I just got one for Cadence... it's too loose for him, though.  I also ordered it online so an exchange is out of the question. I don't think he'll fit into the XS as well. Also, do your dogs have trouble walking in it? The harness seems to really hinder Cadence's walking. He just looks generally uncomfortable in it..


----------



## Dogbert (Apr 20, 2010)

My dog lives to go jogging with me every morning. I will check this out. Thanks.


----------



## cshellenberger (Dec 2, 2006)

lucidity said:


> I just got one for Cadence... it's too loose for him, though.  I also ordered it online so an exchange is out of the question. I don't think he'll fit into the XS as well. Also, do your dogs have trouble walking in it? The harness seems to really hinder Cadence's walking. He just looks generally uncomfortable in it..


 
Try taking it all the way in and turning it upside down, is Cadence a pap? if so he most likely will need an XS and yes, if it's too big it will hinder his gait. I'd go to Petsmart and have them help you fit him for one.


----------



## lucidity (Nov 10, 2009)

Yeah, he's a Pap.. yikes, I think I got him the wrong size then.  I got the S, but from eBay, so I don't think I can exchange it. I have everything pretty much tightened to the max already but it's still a bit loose and the front strap looks really uncomfortable on him.


----------



## ruckusluvr (Sep 20, 2009)

i can never get mine to fit right! its too loose on the chest no matter what i do. but the next size down is WAAAYYY to small.


----------



## cshellenberger (Dec 2, 2006)

ruckusluvr said:


> i can never get mine to fit right! its too loose on the chest no matter what i do. but the next size down is WAAAYYY to small.


 
Turn it upside down and fasten the loop to a flat collar


----------



## ruckusluvr (Sep 20, 2009)

seriously?

hm, i didnt think of doing anything like that.


----------



## Inga (Jun 16, 2007)

I just burst out laughing thinking of how frustrated some of my dogs would have been if they were pulling and pulling and just kept spinning around to face me. It sounds like a great idea though. I am so glad it is working out so well for you and Hallie.


----------



## Jacksons Mom (Mar 12, 2010)

I looooveeddd these EZ walk harnesses! The 1st day we used it on Jackson at 6 months old he started walking perfect.


----------



## ruckusluvr (Sep 20, 2009)

everytime Lynn tries to pull, and gets turned back to me she starts barking and trying to pull again. and then she started pulling backwards! walking backwards to try to get out of the harness. but she realized that doesnt work either. Using it the normal way did not work on Lynn because it didnt fit right no matter what. i did put it on backwards and fasten the chest loop to her collar with the leash, and i can see this working wonderfully!

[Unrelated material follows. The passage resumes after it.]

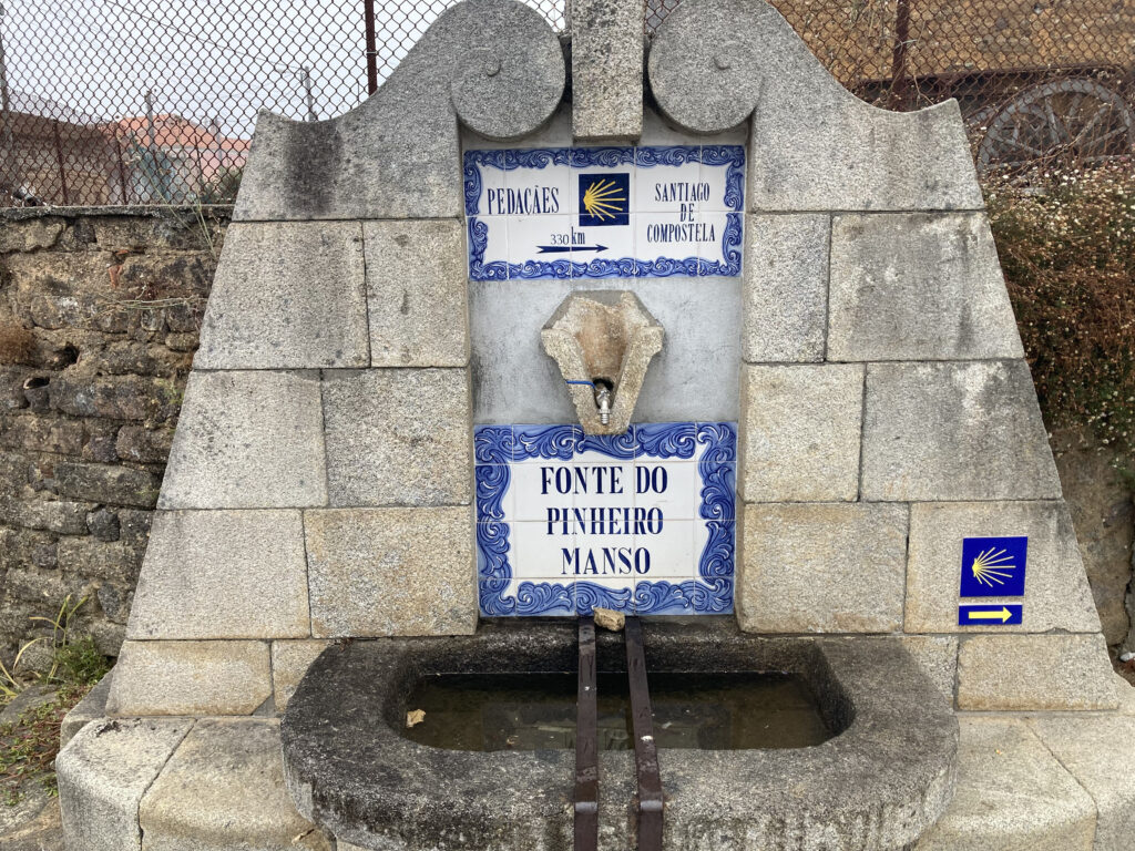 足の痛みは相も変わらずだが、この日も気合を入れてトレッキングシューズに痛む足をねじ込み出発。アゲダの街を後にして Pedaçães 村に入ると、サンティアゴ・デ・コンポステーラまで残り 330km の表示が飛び込んでくる。出発地点のリスボンから最終目的地までは 600㎞ ほどの距離だったので、およそ半分くらいまで進んできたことになる。

this harness did fit my other sheltie, Ruckus just fine. I guess my Lynn is shaped funny!


----------



## Mackaroni (May 18, 2010)

If this works on a Husky it ought to work great on my big-chested stubborn puller. The dog is an angel in all aspects except on the leash. I've tried the gentle leader but that didn't work too well. This seems to be the right move for Mack.


----------



## Miranda16 (Jan 17, 2010)

cshellenberger said:


> Turn it upside down and fasten the loop to a flat collar


how do you mean turn it upside down ... like flip it inside out so the buckles and everything go the right way .... or make the chest piece the piece that goes over the withers (sorry horse term) i guess it would be their shoulders


----------



## dakotajo (Jan 29, 2009)

interesting. Using it the right way never worked for my dog either, upside down hmmm..... I took it back awhile ago but still have her regular harness, I wonder if that would work for pulling using it upside down as well? except the loop would be under her chest? I know she doesn't like it when her leash gets caught between her legs running underneath her belly a bit, I wonder.... she is getting better but you know with those distractions


----------



## Doglight (Dec 10, 2019)

I haven't tried this sort of harness, so I ordered a similar PoyPet no pull harness today. Hoping it will work well.


----------



## Doglight (Dec 10, 2019)

^ Well, that didn't work. The whole harness just shifts to the side and stays there. The front hookup seems useless. Oh well.


----------